An exemplary embodiment will be described with reference to FIGS. 3 and 4. In this embodiment, an object based audio program is rendered for playback on a system including a 6.1 speaker array. The speaker array includes a left front speaker L, a center front speaker, C, a right front speaker, R, a left surround (rear) speaker Ls, a right surround (rear) speaker Rs, and an overhead speaker, Ts. The left and right front speakers are not shown in FIG. 3 for clarity. The audio program is indicative of a source (audio object) which moves along a trajectory (the original trajectory shown in FIG. 3) in a horizontal plane including the expected listener's ears from the location of center speaker, C, positioned in front of the expected listener, to a location midway between the surround speakers, Rs and Ls, positioned behind the expected listener. For example, the audio program may include an object channel (which indicates the audio content emitted by the source) and metadata indicative of the object's trajectory (e.g., coordinates of the source, which are updated once per frame of the audio program).


The rendering system is configured to generate speaker feeds for driving all speakers of the 6.1 array (including the overhead speaker, Ts) in response to an object based audio program (e.g., the program in the example) which is not specifically indicative of audio content to be perceived as emitting from a location above the horizontal plane of the listener's ears. In accordance with the invention, the rendering system is configured to modify the original (horizontal) trajectory indicated by the program to determine a modified trajectory (for the same audio object) which extends from the location (point A) of the center speaker, C, upward and backward toward the location of the overhead speaker, Ts, and then downward and backward to the location (point B) midway between the surround speakers, Rs and Ls. Such a modified trajectory is also shown in FIG. 3. The rendering system is also configured to generate speaker feeds for driving all speakers of the 6.1 array (including the overhead speaker, Ts) to emit sound perceived as emitting from the object as it translates along the modified trajectory.


As shown in FIG. 4, the original trajectory determined by the program is a straight line from point A (the location of center speaker, C) to point B (the location midway between the surround speakers, Rs and Ls). In response to the original trajectory, the exemplary rendering method determines a candidate trajectory having the same start and end points as the original trajectory but passing through the location of the overhead speaker, Ts, which is the intermediate point identified as point E in FIG. 4.


The rendering system may use the candidate trajectory as the modified trajectory (e.g., in response to assertion of the below-described distortion coefficient with the value 100%, or in response to some other user-determined control value).


The rendering system is preferably also configured to use any of a set of distorted versions of the candidate trajectory as the modified trajectory (e.g., in response to the below-described distortion coefficient having some value other than 100%, or in response to some other user-determined control value). FIG. 4 shows two such distorted versions of the candidate trajectory (one for a distortion coefficient having the value 75%; the other for a distortion coefficient having the value 25%). Each distorted version of the candidate trajectory has the same start and end points as the original trajectory, but has a different point of closest approach to the location of the overhead speaker, Ts (point E in FIG. 4).

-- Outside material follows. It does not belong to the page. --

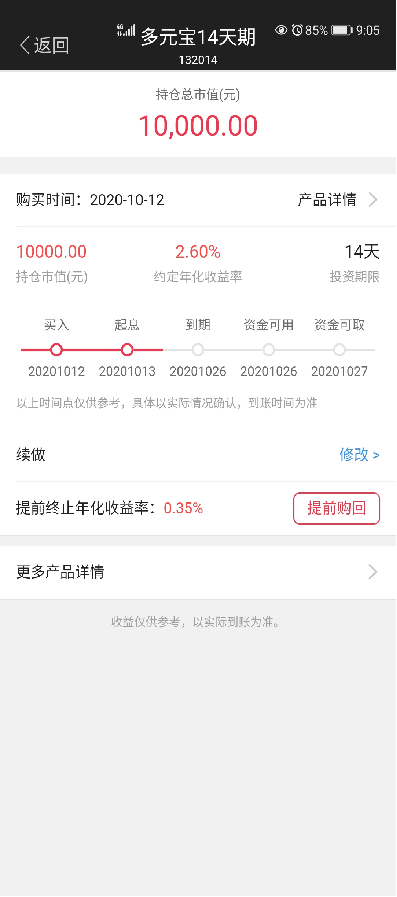 3.提前购回:提前购回资金当天可用,次一交易日可取。

In the example, the rendering system is configured to respond to a user specified distortion coefficient having a value in the range from 100% (to achieve maximum distortion of the original trajectory, thereby maximizing use of the overhead speaker) to 0% (preventing any distortion of the original trajectory for the purpose of increasing use of the overhead speaker). In response to the specified value of the distortion coefficient, the rendering system uses a corresponding one of the distorted versions of the candidate trajectory as the modified trajectory. Specifically, the candidate trajectory is used as the modified trajectory in response to the distortion coefficient having the value 100%, the distorted candidate trajectory passing through point F (of FIG. 4) is used as the modified trajectory in response to the distortion coefficient having the value 75% (so that the modified trajectory will approach closely the point E), and the distorted candidate trajectory passing through point G (of FIG. 4) is used as the modified trajectory in response to the distortion coefficient having the value 25% (so that the modified trajectory will less closely approach point E).

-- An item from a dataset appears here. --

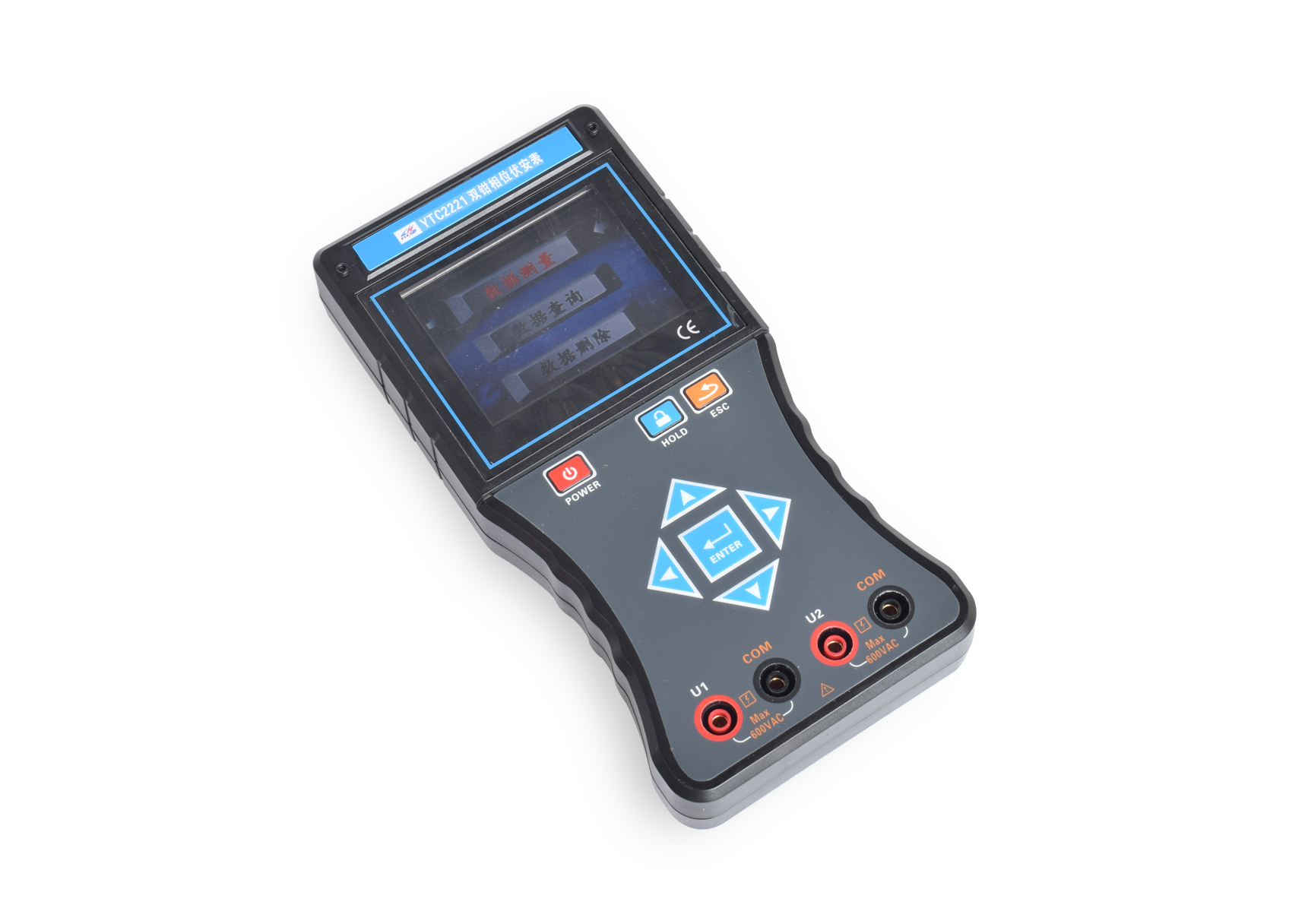 YTC2221數(shù)字雙鉗相位伏安表是專為現(xiàn)場測量電壓、電流及相位而設(shè)計的一種高精度、低價位、便攜手持式、雙通道輸入測量儀器。用該表可以很方便地在現(xiàn)場測量U-U、I-I及U-I之間的相位,判別感性、容性電路及三相電壓的相序,檢測變壓器的接線組別,測試二次回路和母差保護系統(tǒng),讀出差動保護各組CT之間的相位關(guān)系,檢查電度表的接線正確與否等。采用鉗形電流互感器轉(zhuǎn)換方式輸入被測電流,因而測量時無需斷開被測線路。測量U1-U2之間相位時,兩輸入回路完全絕緣隔離,因此完全避免了可能出現(xiàn)的誤接線造成的被測線路短路、以致燒毀測量儀表。

In the example, the rendering system is configured to efficiently determine the modified trajectory so as to achieve a desired degree of use of the overhead speaker determined by the distortion coefficient's value. This can be understood by considering the distortion axis through points I and E of FIG. 4, which is perpendicular to the original linear trajectory (from point A to point B). The projection of intermediate point E (along the candidate trajectory) on the space (the horizontal plane including points A and B) through which the original trajectory extends defines an inflection point I in said space (i.e., in the horizontal plane including points A and B) corresponding to intermediate point E. Point I is an “inflection” point in the sense that it is the point at which the candidate trajectory ceases to diverge from the original trajectory and begins to approach the original trajectory. The line between intermediate point E and the corresponding inflection point I is the distortion axis for intermediate point E. The distortion coefficient's value (in the range from 100% to 0%) corresponds to distance along the distortion axis from the inflection point to the intermediate point, and thus determines the distance of closest approach of one of the distorted versions of the candidate trajectory (e.g., the one extending through point F) to the position of the overhead speaker. The rendering system is configured to respond to the distortion coefficient by selecting (as the modified trajectory) a distorted version of the candidate trajectory which extends from the start point of the candidate trajectory, through the point (along the distortion axis) whose distance from the inflection point is determined by the value of the distortion coefficient (e.g., point F, when the distortion coefficient value is 75%), to the end point of the candidate trajectory. Because the modified trajectory determines (with the audio content for the relevant object) each speaker feed for the relevant object channel, the distortion coefficient's value thus controls how close to the overhead speaker the rendered object will be perceived to get when the rendered object pans along the modified trajectory.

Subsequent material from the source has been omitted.